Glossario IA
Il dizionario completo dell'Intelligenza Artificiale
Scaling Laws
Mathematical principles describing how deep learning model performance improves predictably with increases in model size, data, and computation.
Power Law Scaling
Mathematical relationship where model performance follows a power law based on factors such as model size, number of parameters, or amount of data.
Chinchilla Scaling Laws
Specific scaling laws discovered by DeepMind suggesting that current models are undertrained and that data is more important than previously thought for optimizing performance.
Compute-Optimal Scaling
Strategy for optimally allocating computational resources between model size and training data quantity to maximize performance at a fixed budget.
Data Scaling Laws
Principles describing how increasing the amount of training data influences model performance, often following a power law relationship with saturation.
Model Size Scaling
Study of how model capabilities evolve based on the number of parameters, revealing predictable improvements up to certain saturation points.
Token Scaling
Analysis of the impact of the number of training tokens on model performance, essential for determining the optimal amount of textual data.
Emergent Abilities
Capabilities that suddenly appear in large models at certain critical scales, which are not present in smaller models of the same family.
Phase Transitions
Abrupt changes in model behavior or performance that occur at specific size or data thresholds.
Neural Scaling Laws
General theoretical framework unifying empirical observations on neural network scaling across different architectures and tasks.
Kaplan Scaling Laws
First empirical scaling laws established by OpenHub, showing power relationships between model size, data, and performance.
IsoFLOP Curves
Performance curves at constant FLOP budget allowing comparison of different architectures or training strategies at equal computational cost.
Critical Batch Size
Optimal batch size beyond which further increase no longer produces significant improvements in training speed.
Double Descent
Phenomenon where test error decreases, increases, and then decreases again as model size exceeds the data interpolation point.
Grokking
Phenomenon where models suddenly acquire generalizable understanding after a long period of apparent overfitting.

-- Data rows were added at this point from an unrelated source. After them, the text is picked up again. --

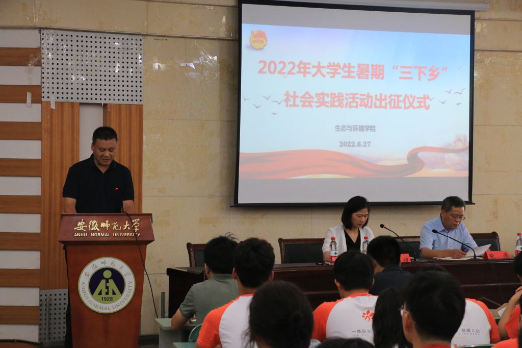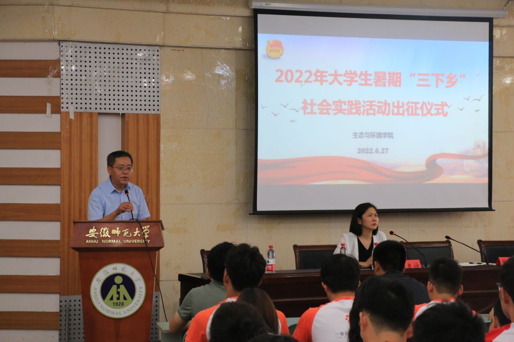 随着共青团团歌的奏响,出征仪式正式开始。胡好远宣读了26支公司2022年暑期社会实践团队名单。随后,2020级环境科学专业张耀萱同学代表全体暑期社会实践成员发言,表示将深入基层,努力学习;突出主题,讲求实效;严守纪律,安全第一;积极投身社会实践,磨炼意志,锻炼本领,充分展现新时代青年形象。
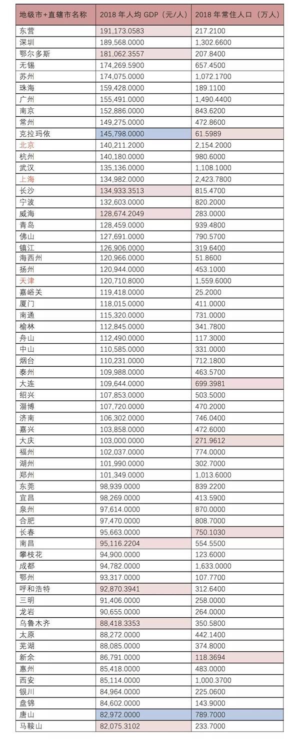 1、部分城市2018年人均GDP数据缺失,采用GDP现价与人口推算(标红),若仍缺失无法计算,则采用2017年数据替代(标蓝)2、部分城市人口数据缺失,采用GDP与人均GDP推算(标蓝)
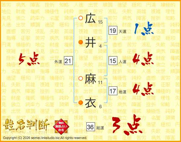 広(15画)井(4画) 麻(11画)衣(6画)
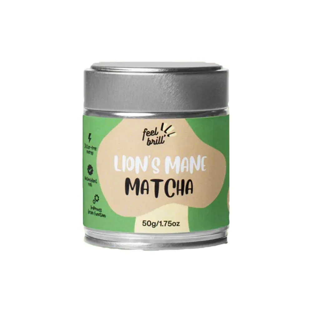 В отличие от других порошков гриба львиная грива, порошок, используемый в чае «Feel Brill», изготовлен из водного экстракта с особенно высокой концентрацией лучших свойств львиной гривы. Этот порошок водорастворим и имеет тонкий вкус, что делает его идеальным для ежедневных ритуалов матча.

Sharpness-Aware Minimization
Optimization technique seeking flat minima in the loss landscape, particularly important for the stability of large models.
Loss Scaling
Prediction of the evolution of the loss function based on allocated resources, allowing performance estimation before training.
Performance Plateaus
Phases of stagnation in performance improvement despite increasing resources, indicating limits in current scaling laws.
Scaling Exponent
Crucial parameter in power laws determining the rate of performance improvement relative to resource increase.
Scaling Coefficient
Multiplicative constant in scaling equations determining the baseline performance level before applying scaling effects.